I briefly thought about hitting the workout again to try and finish that round but decided that would be crazy. I’m pleased with my effort on this one and am ready to see what will be revealed with 15.4.
15.3 Other Thoughts –
I was really surprised to see a few things. First was the amazing amount of people who pushed themselves to get their first and next muscle ups. That was so awesome.
The bad part was how many people were so upset with the scaled options if they didn’t have muscle ups. The Open has many purposes as I eluded to earlier and one of those is to get the best athletes to regionals. Another will be to help give you new goals for the next year. Maybe more folks like myself will add a goal of getting some muslce ups in the next year. I’m glad that
15.4
8 Min AMRAP of Hand Stand Push Ups / Cleans
3/3
6/3
9/3
12/6
etc
Another one I’d be doing scaled. The scaled workout was still plenty tough.
10 Push Press at 95# / 10 Cleans at 115# – also 8 min AMRAP.
The Open show introduced a new standard for HSPU’s and that caught a lot of people by surprise.

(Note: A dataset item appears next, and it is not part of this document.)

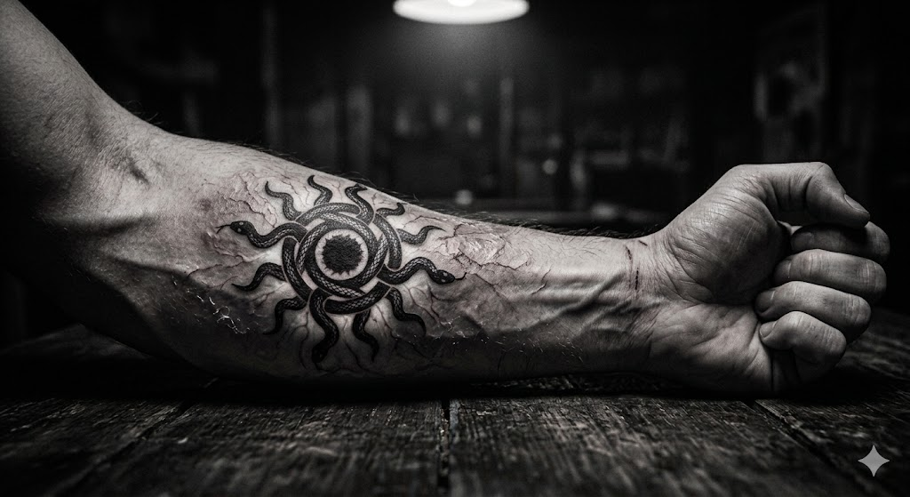 Я уже хотел отмахнуться, но тут мой взгляд зацепился за то, на что он указывал. На предплечье красовалось закрученное спиралью солнце в каком-то первобытном стиле. Похоже на рисунок с древнегреческой вазы, хотя я не мог вспомнить, видел ли я что-то подобное раньше.

For my workout I got 85 reps which I was okay with but not really happy. Didn’t want to redo it. After about half way i could feel my wrist with each clean. And while I know it isn’t going to get injured, it still hurts. And gets in my head. I need to keep working on it and move past that. It was also a workout that gassed me quicker than i thought it would. Those push presses were no fun!
Many in our box struggled with the HSPU’s and I’m certain that is something that a lot of people will continue to work on and turn it into a strengh over the next year.
My exciting news was that I got back into a Handstand position. First time since my injury. That was cool, I tried doing a push up but I can’t lower myself down that far. And I tried using dumbells so I wouldn’t be on my fingertips on my left hand but that hurt worse.
I’ll adapt, and keep working on it.
The best part of this open for me was seeing my friend Andy, PR his clean and get 185 done. He got 12 reps of this RX and that was awesome. A 20# PR and some funny stories to go with it. Like his chest looking like it was mauled by a tiger from the catch of the clean.
I’m ready to see what the final week of the open brings and see some more people astonish themselves with what they are capable of.